As described in a previous lesson, The Autobiography of Malcolm X influenced me. Reading that story gave me hope. I could increase my value by learning how to communicate better. By building my vocabulary, I could become a better writer and speaker.
I needed a plan and an accountability log. I thought about my avatars. I could learn to communicate like the people I wanted to meet in the future. I could refrain from using language, syntax, or inflections that left others with the impression that I had served decades in prison.
With a more advanced vocabulary as my goal, I chose my words carefully. I would avoid words like “homie” when referring to friends. I would not refer to a woman in my life as my “old lady.” I set a clear path to build my vocabulary:
- Value Category: Education
- Goal: Add 500 words to my vocabulary within 100 days.
- Purpose: Communicate in the language of my avatars.
Action plan:
- Keep a sheet of paper beside me while I read each book.
- Write down each word that I didn’t understand.
- Learn to define each word on my sheet.
- Write and define each word and part of speech (adjective, noun, or verb).
- Create flashcards.
- Write the word on one side of the flashcard; define the word and name part of speech on the other side of the flashcard.
- Carry a stack of flashcards with me at all times.
- While waiting in lines, I would test my knowledge by flipping through flashcards. Make each word a part of my vocabulary.
- Accountability metric: Incorporate an average of at least five new words into my vocabulary each day.
- Timeline: 100 days.
- Intended outcome: Build my vocabulary by more than 500 words within 100 days.
I could measure progress with accountability metrics, and the tools kept me on track. Other people in prison advised me to slow down, saying it didn’t make sense to obsess over making such rapid progress when I served such a long sentence. They ventured unsolicited advice, telling me that progress toward goals would not result in my getting out earlier.
Success requires people to know when to accept advice and when to dismiss what others tell us about what we should or should not do. Instead, we should rely upon our values and goals.
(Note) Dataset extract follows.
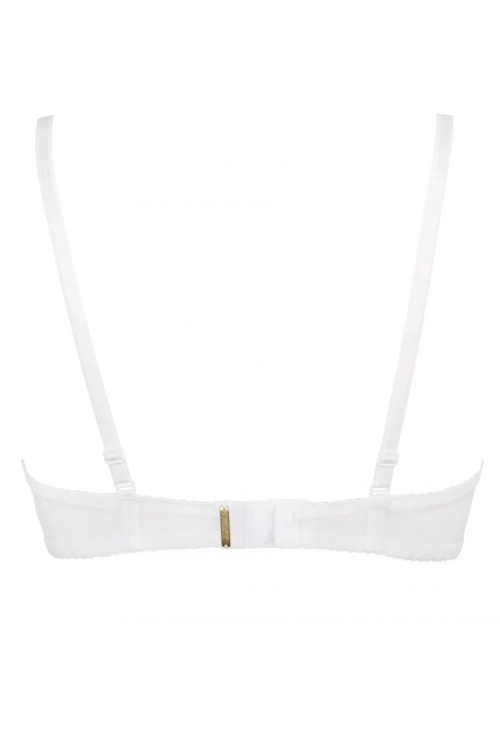 Smyslná sněhově bílá polopodprsenka Neige, která svádí svými nepřehlédnutelnými průstřihy košíčků.Polopodprsenka je vyrobená z jemné tylové síťovinky, která podtrhne a zdůrazní vaši ženskost a smyslnost. Na kráse dodávají modelu hravé mašličky. Model má boční kostice. Ramínka je možné nastavit, ale nelze je odepnout. Zapínání je na dva háčky s třístupňovou možností nastavení velikosti obvodu.Souprava vytvoříte společně s kalhotkami string a podvazkovým pásem Neige.

I thought carefully about where I would turn for advice. We get a sad story if we use recidivism rates to define success or failure after release. Statistics tell us that more than half of the people that go into prison fail after release. We cannot ignore that accountability metric.
We should ask whether our adjustment patterns mirror successful people. If they mirror the habits of people who fail, we should change. Choose a deliberate path. Use accountability metrics to make progress toward goals. Leaders teach us the strategy to follow if we want to embrace the mindset of success.
By using accountability logs, I beat timelines that I set at the start:
- Instead of earning one college degree within ten years, I earned two university degrees within eight years.
- Instead of becoming a published author within my first ten years of imprisonment, I published more than 20 articles or book chapters within my first ten years.
- I set a goal of finding ten people to believe in me during my first decade of imprisonment. Yet, the published writings allowed me to bring many mentors into my life during those first ten years. Those people were community leaders who visited me in prison and opened more and more opportunities.
In the next lesson, I’ll reveal how accountability logs led to my building a vast support network before I got out of prison. Then, I’ll show how that support network influenced my liberty and income opportunities from when I transferred to a halfway house in 2012 to the present day.
- The takeaway: every decision we make in prison influences prospects for success upon release.
Take 10 Minutes
How does waiting for calendar pages to turn influence prospects for a triumphant return to society?
How would creating accountability logs and measuring progress influence confidence and self-esteem?